Website build: coding with Claude
Tim Girling-Butcher • November 18, 2025
I’ve been working with my organisation's website — built with Sanity and React/Next.js — for several years, but I hadn’t had many opportunities to properly familiarise myself with the tech stack. With the site live, the risks of breaking something or simply embarrassing myself were high.
So I decided to build a fully-functional platform and learn by struggling through the real work: wiring up schemas, GROQ queries, dynamic routing, image pipelines, and all the deployment oddities. Hands-on experimentation is the main way I actually learn and retain information, and I wanted to understand how Next.js 16 handles server components, how Sanity’s structure builder behaves once you push it beyond the basics, and how the whole stack holds up once real content starts moving through it.

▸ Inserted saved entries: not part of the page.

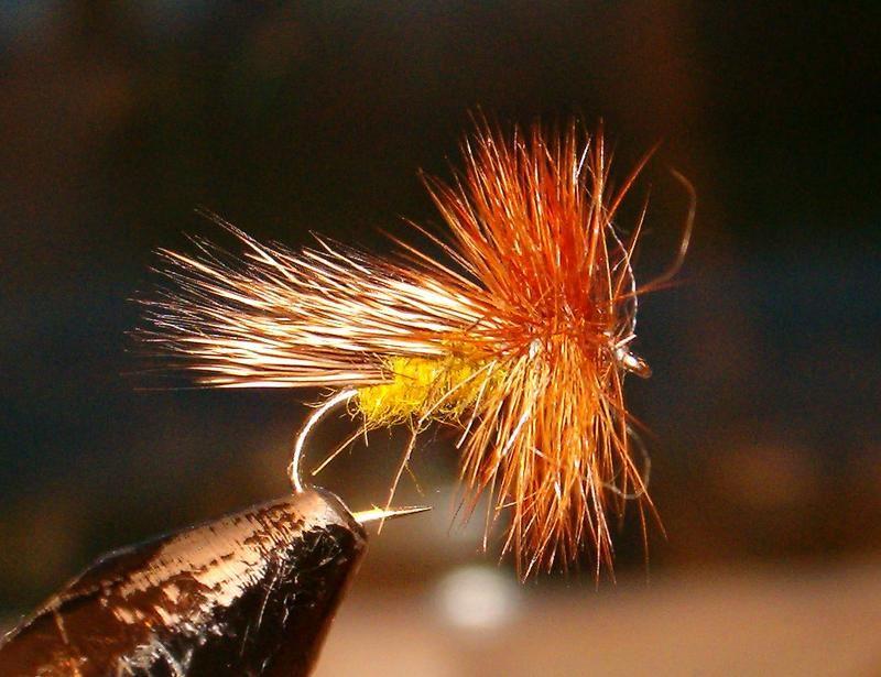 Suosittelen muuten ko. perhon käsittelyä suoraan sidontapenkissä silikonispreillä, niin ei tarvitse pilata hyvää hahmoa geeleillä tms. sitten rannalla.
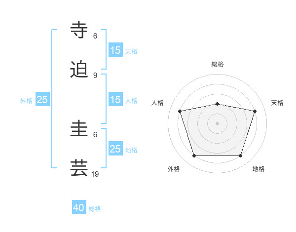 寺迫 圭芸さんの天格は15画の4点!
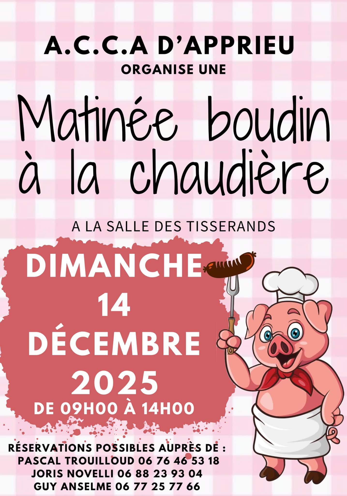 Matinée boudin à la chaudière organisée par l'ACCA D'APPRIEU14dec9h0014h00

At the same time, I used the project as a chance to experiment with Claude Code as a kind of pair-programmer. Instead of treating AI as a shortcut, I approached it as a debugging partner and pattern-spotter - giving it discrete tasks, watching how it refactored or reasoned about the code, and testing where it genuinely improved my workflow versus where it wandered into rabbit holes or simply hit a wall. It became a way to learn both the stack (its knowledge of this ecosystem is genuinely encyclopaedic) and the practical limits of AI-assisted development at the same time.
Being completely new to this setup, the learning curve was steep. I quickly found myself leaning heavily on Claude to design solutions and troubleshoot roadblocks. Before long, I was surprised by how reliably it could untangle issues, and that reliability meant the pace of work accelerated far faster than it would have if I’d been learning everything unaided.

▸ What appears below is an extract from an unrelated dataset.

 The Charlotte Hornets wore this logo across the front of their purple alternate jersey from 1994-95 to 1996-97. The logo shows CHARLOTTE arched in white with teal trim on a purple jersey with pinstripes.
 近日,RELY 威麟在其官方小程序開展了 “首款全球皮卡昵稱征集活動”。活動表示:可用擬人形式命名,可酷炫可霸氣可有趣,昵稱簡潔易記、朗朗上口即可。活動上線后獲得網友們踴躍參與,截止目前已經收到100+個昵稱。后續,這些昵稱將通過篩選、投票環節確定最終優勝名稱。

Before unpacking the role AI played in the build - and how well it actually performed - it’s worth first outlining the core modules I developed: the components that now form the site’s framework and underpin most of its functionality.
Modules
There were a range of modules I wanted to develop and utilise. Listed below as a reference and in no particular order.
Hero video
The Hero Section (see above) is the full-screen intro block used for big, cinematic openings. It supports high-quality video backgrounds (H.265, WebM, H.264, full-back image or a direct URL) with an optional poster image, or a simple gradient fallback when no video is provided. An adjustable overlay keeps text readable, while the title and subtitle are centred and fully driven by Sanity. It’s a lightweight, flexible way to create bold, immersive page headers.
Photo gallery
PhotoSwipe is the image-viewer layer that powers all of my gallery and pop-up interactions. It gives the site a fast, touch-native way to browse high-resolution images, handling pinch-zoom, smooth panning, swipe navigation and responsive scaling without adding unnecessary bulk. Unlike many gallery libraries, it doesn’t force a specific layout or markup structure, which means I can design my own grid components and use PhotoSwipe purely for the viewing experience. This keeps the visual design flexible while still delivering a polished, app-like feel when a user taps into an image.
PhotoSwipe also integrates cleanly with Next.js and plays well with the Sanity image pipeline. Each gallery pulls in structured image data — source, alt text, aspect ratio, crop, hotspot — and hands it off to a lightweight React wrapper that initialises the viewer only when needed. That lets me lazy-load both images and the PhotoSwipe module itself, keeping pages fast and reducing visual shift. The result is a self-contained module that gives me complete control over presentation while ensuring users get a smooth, intuitive way to explore detailed visual content.
Parallax
The Parallax Section is a flexible hero block that lets me place text over either an image or video background with a smooth scroll or scale-based parallax effect. It uses lightweight, GPU-accelerated transforms to keep motion fluid, and supports multiple layout options — height, text alignment, overlays, gradients, and Sanity hotspots — so the same module can be reused across very different page types.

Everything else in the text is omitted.